The other day I finished reading Charles L. Campbell's
Preaching Jesus: New Directions for Homiletics in Han Frei's Postliberal
Theology. Essentially,
the book is an exploration of the thought, teaching, and context of Frei's use
of narrative preaching.The context seems to be the reemergence of biblical
preaching by mainline denomination liberals as their move away from subjective
religious experience and back towards the centrality of Jesus and the
meta-narrative told through the Scriptures. During the 1960s, liberal preachers
began to abandon neo-orthodoxy in favor of a more private spirituality and a
secular politics, both completely divorced from the Christ event.
Much of the book - literary interpretations of the Bible,
the meta-narrative of the Scriptures, refocus on neo-orthodoxy - is "old
hat" to me. My studies of Kierkegaard, Mullins, Barth, Brunner,
Bonhoeffer, Niebuhr, Moody, Stagg, Buber, and Wright taught me all this long
ago. But it is nice to see liberal Christians starting to get it right to some
degree.
The most interesting aspect of this book for me was the
examination of how people become "Christians" culturally and how they
come to believe what they believe. Essentially, the thesis here is that
becoming a "Christian" is a process of socialization or enculturation
within a particular cultural-linguistic community.
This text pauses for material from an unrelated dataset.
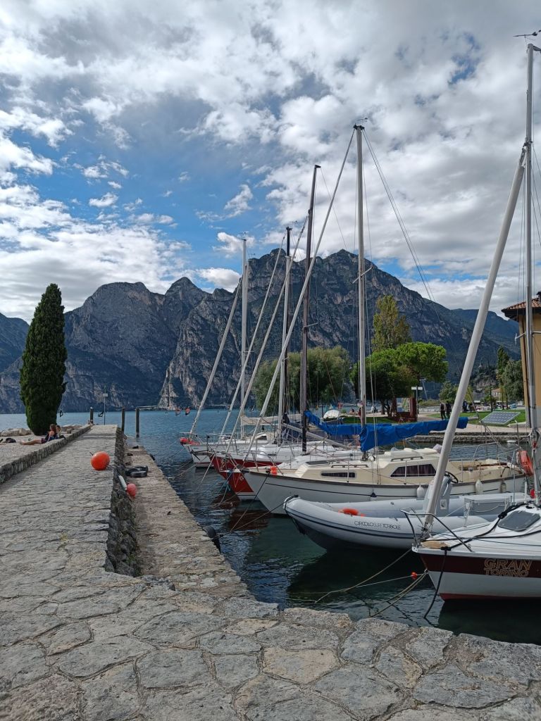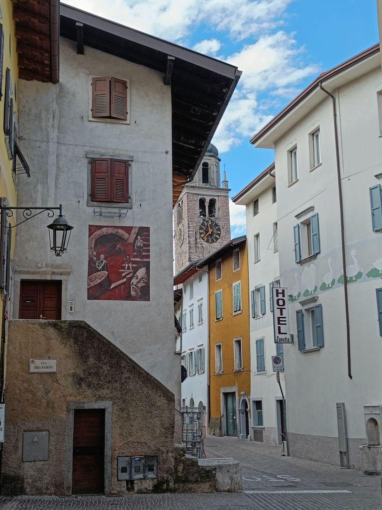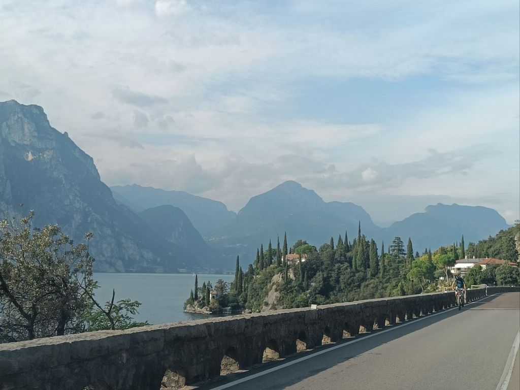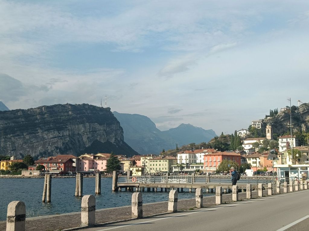 Tiistaina saikin sitten herätä yllätysmaisemiin. Rauno oli ajellut pimeyden poikki hotellille pikkukylään Nago Torboleen. Hauskaa tästä teki se, että Italiassa ei katuvaloja ollut tieosuuksilla muualla kuin tietulleissa, minkä lisäksi navigaattori ohjeisti käännöksissä teiden numeroilla, kun tienviitoissa taasen oli vain katujen nimet. Hotelli ja kylä osoittautuivat aamulla kuitenkin nappivalinnoiksi. Zeniä oli vain maata sängyssä, jossa oli parempi patja kuin kotona ja katsella kattoa, jossa puuverhous täydellisti vanhoja kattoparruja.

One doesn't become a
"Christian" by having a "religious experience" but by
learning the particular language and set of practices inherent in Christianity,
a denomination, and a particular faith tradition. Furthermore, people learn the
"meaning" of a scriptural teaching and their way of
"interpreting" Scripture by adopting the cultural practices of their
faith community, not by drawing upon the sensus literalis. All of this is really about the practical
process of how individuals and community arrive at Biblical interpretation and
theology, regardless of accuracy. All of this can be quite depressing to the
learned Christian but it really seems to be the way the majority
"Christianize" themselves in practice.
Frei is said to argue that the function of the gospels is to render the identity of Jesus. I find this highly questionable but probably only overstated.
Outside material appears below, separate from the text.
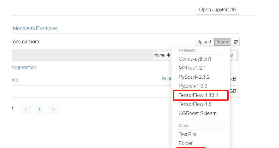 点击打开后,点击右上角的"New",然后创建TensorFlow-1.13.1开发环境

I greatly appreciated Frei's assessment that Jesus enacted
the way of God in the world as an embodiment of the reign of God. I think this
is right on the money. This dips slightly into some of the deeper areas of
Scriptural studies involving Jesus self-understanding and prophetic vocation.
I really don't think there are any deeper aspects of
Scripture studies than the theology of Job, Roman 1, Deutero-Isaiah, and Jesus'
personal understanding of his prophetic vocation.
The book is fairly technical and might be of some interest
to preachers. However, it's probably more interesting to those who study
preaching. And though I think most evangelicals would find this book
uninteresting, liberal and more progressive Christians would find the more
practical homiletic parts very useful.